DATA LISTING ::
:::::

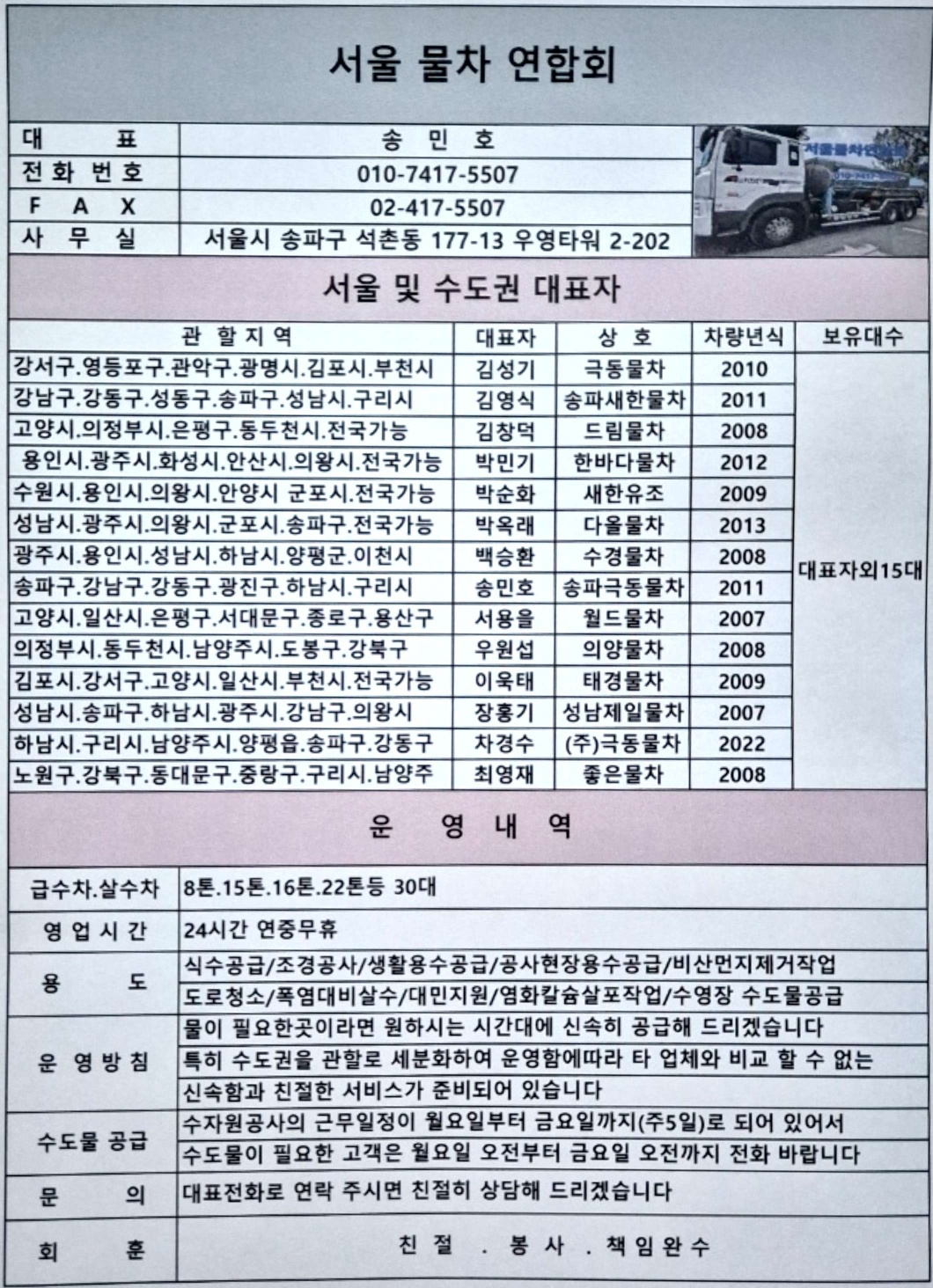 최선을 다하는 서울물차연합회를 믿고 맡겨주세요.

:::::

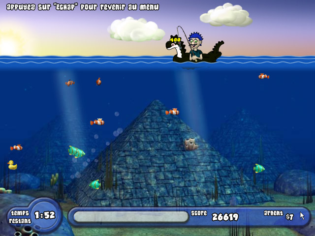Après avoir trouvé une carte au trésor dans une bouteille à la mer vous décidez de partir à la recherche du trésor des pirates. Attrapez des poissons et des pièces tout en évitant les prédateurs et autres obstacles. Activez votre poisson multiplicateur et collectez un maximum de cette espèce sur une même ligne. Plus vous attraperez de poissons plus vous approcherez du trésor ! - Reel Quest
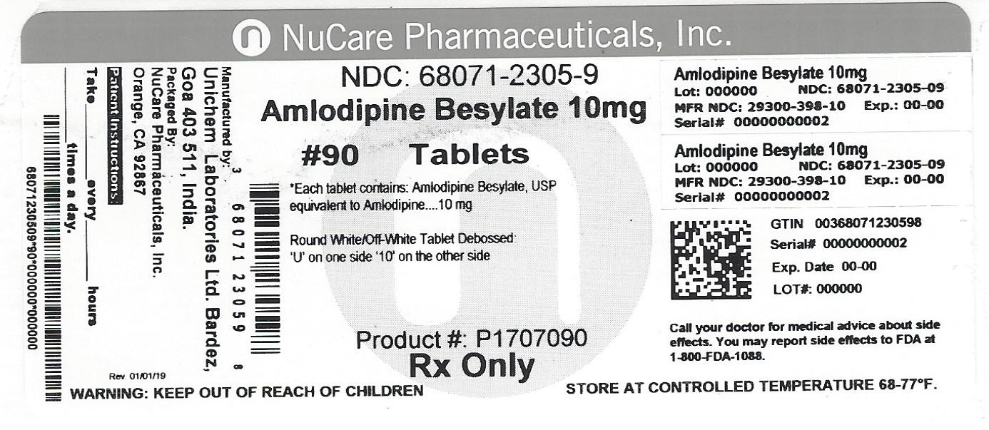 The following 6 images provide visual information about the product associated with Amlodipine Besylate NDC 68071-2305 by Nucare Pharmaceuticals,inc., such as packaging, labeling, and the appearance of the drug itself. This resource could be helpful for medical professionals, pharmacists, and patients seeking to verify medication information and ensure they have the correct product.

:::::

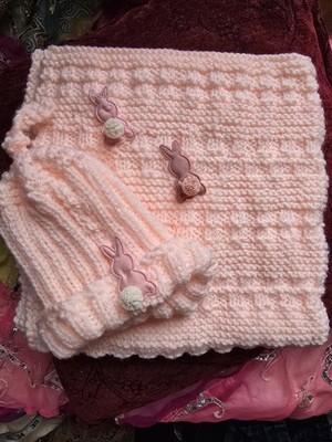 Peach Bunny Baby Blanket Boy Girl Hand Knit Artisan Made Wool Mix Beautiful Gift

:::::

WHAT THIS TASK INVOLVES ::
The material above holds pictures; leave them out and set down exactly the lines from the line with "Après avoir trouvé" to the line with "The following 6", both included.

SOLUTION TO THIS TASK ::
Après avoir trouvé une carte au trésor dans une bouteille à la mer vous décidez de partir à la recherche du trésor des pirates. Attrapez des poissons et des pièces tout en évitant les prédateurs et autres obstacles. Activez votre poisson multiplicateur et collectez un maximum de cette espèce sur une même ligne. Plus vous attraperez de poissons plus vous approcherez du trésor ! - Reel Quest
 The following 6 images provide visual information about the product associated with Amlodipine Besylate NDC 68071-2305 by Nucare Pharmaceuticals,inc., such as packaging, labeling, and the appearance of the drug itself. This resource could be helpful for medical professionals, pharmacists, and patients seeking to verify medication information and ensure they have the correct product.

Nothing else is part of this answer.